Your objective: Using the data below, return word for word every line from the one holding "JA松本ハイランドは長野県の" down to the one holding "ベッド すのこベッド マットレスセット". Leave pictures out.

Exercise input:
━━━━━━━━━━━━━━━━━━━━━━━━━━━━━━

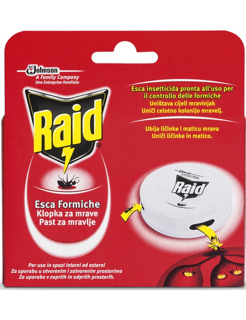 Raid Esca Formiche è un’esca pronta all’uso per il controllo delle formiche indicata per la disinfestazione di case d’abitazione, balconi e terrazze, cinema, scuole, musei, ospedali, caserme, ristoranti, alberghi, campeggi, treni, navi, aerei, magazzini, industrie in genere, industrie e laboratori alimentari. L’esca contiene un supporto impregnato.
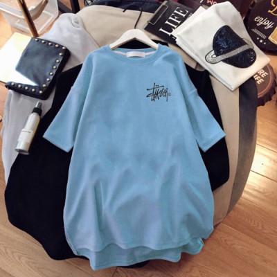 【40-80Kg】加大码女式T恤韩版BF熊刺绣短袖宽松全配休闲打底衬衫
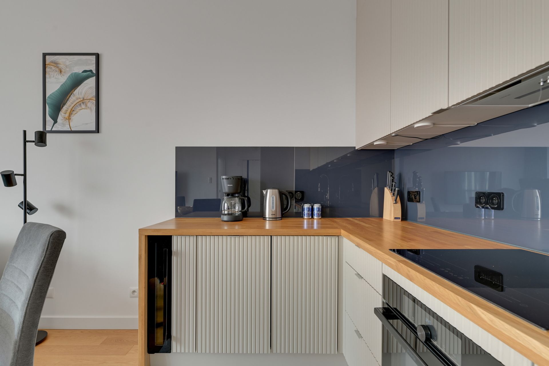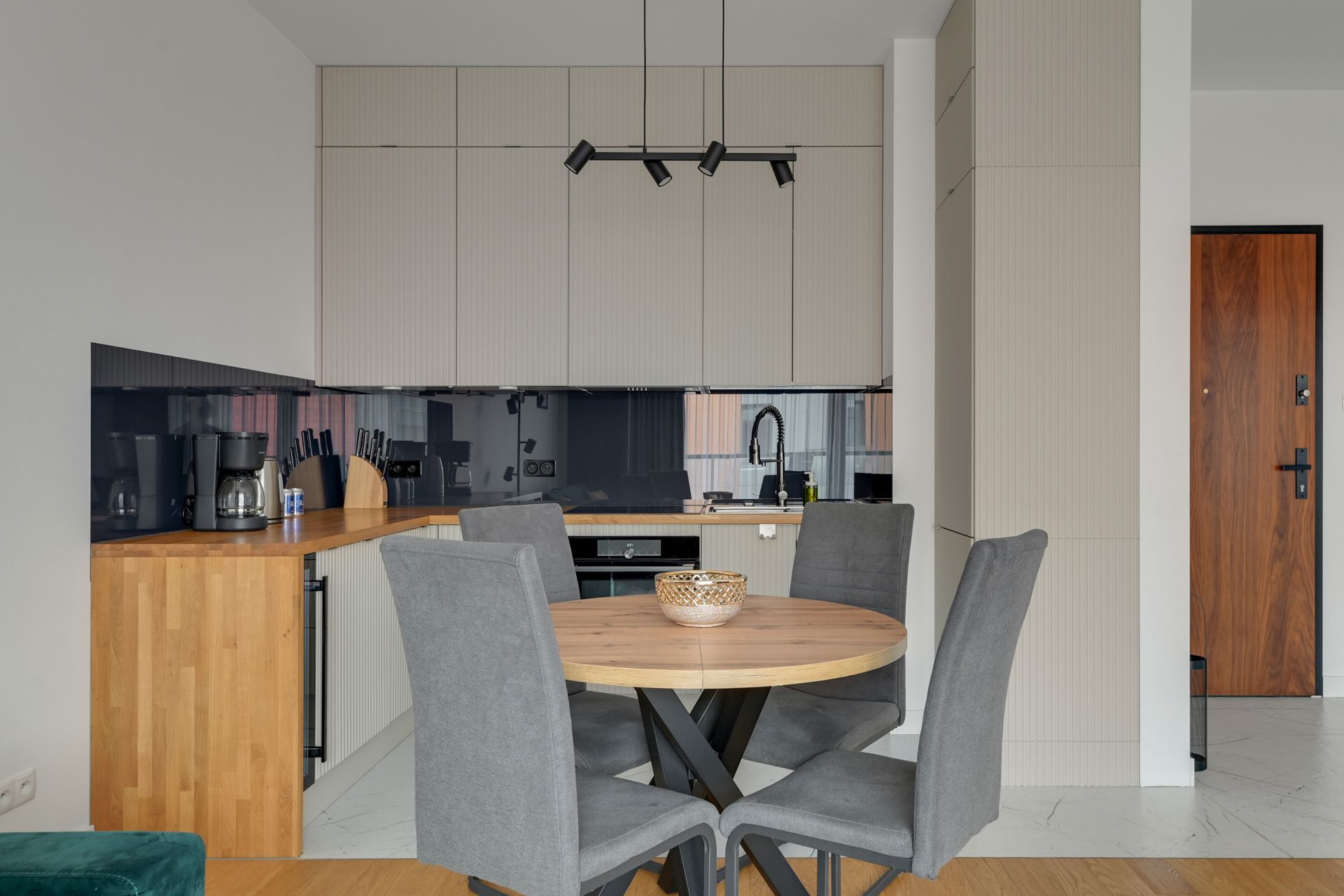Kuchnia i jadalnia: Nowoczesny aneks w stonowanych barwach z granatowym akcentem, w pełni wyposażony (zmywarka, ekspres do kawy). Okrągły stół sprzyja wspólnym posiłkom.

━━━━━━━━━━━━━━━━━━━━━━━━━━━━━━

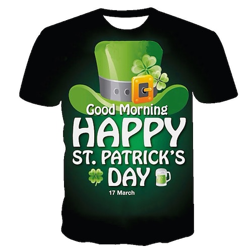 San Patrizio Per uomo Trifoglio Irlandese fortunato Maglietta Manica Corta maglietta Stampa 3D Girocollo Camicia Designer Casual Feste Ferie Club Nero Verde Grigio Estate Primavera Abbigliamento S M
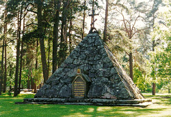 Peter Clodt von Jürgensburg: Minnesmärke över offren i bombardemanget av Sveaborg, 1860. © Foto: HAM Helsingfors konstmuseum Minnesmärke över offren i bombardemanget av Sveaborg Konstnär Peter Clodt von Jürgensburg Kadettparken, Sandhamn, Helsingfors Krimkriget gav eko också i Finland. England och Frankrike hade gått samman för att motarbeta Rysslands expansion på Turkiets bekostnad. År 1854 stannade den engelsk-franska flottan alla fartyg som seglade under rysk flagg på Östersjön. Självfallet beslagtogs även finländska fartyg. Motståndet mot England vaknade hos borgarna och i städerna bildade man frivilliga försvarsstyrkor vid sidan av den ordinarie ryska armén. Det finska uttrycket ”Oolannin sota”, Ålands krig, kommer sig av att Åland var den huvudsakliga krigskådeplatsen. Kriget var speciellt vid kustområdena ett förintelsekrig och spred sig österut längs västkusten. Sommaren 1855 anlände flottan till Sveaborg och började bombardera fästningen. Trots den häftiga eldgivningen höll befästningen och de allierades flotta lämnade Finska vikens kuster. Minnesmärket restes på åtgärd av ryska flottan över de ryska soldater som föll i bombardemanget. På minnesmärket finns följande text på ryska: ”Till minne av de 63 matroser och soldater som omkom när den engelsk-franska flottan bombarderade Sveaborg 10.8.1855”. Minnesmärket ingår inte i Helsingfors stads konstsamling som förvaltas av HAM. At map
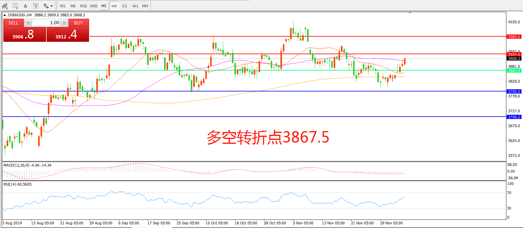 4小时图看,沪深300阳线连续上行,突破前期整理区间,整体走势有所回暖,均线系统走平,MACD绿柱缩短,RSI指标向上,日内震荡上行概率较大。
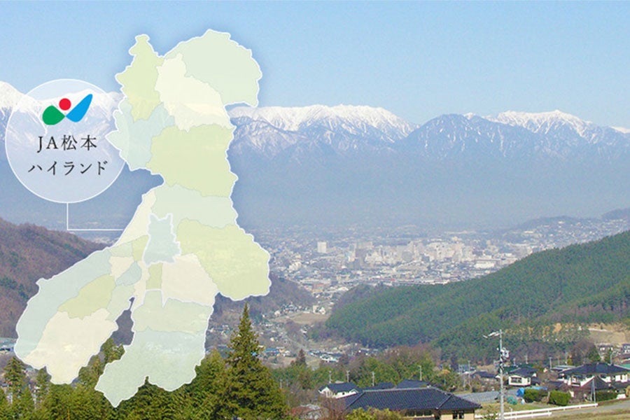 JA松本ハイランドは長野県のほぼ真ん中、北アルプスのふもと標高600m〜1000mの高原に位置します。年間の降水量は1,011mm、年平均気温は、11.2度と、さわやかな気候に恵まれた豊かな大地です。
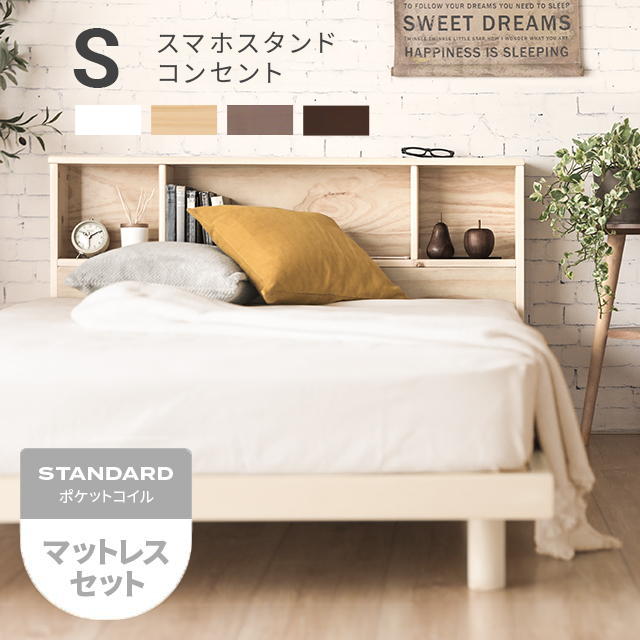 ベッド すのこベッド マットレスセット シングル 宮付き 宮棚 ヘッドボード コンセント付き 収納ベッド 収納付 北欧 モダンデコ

━━━━━━━━━━━━━━━━━━━━━━━━━━━━━━

Task solution:
 JA松本ハイランドは長野県のほぼ真ん中、北アルプスのふもと標高600m〜1000mの高原に位置します。年間の降水量は1,011mm、年平均気温は、11.2度と、さわやかな気候に恵まれた豊かな大地です。
 ベッド すのこベッド マットレスセット シングル 宮付き 宮棚 ヘッドボード コンセント付き 収納ベッド 収納付 北欧 モダンデコ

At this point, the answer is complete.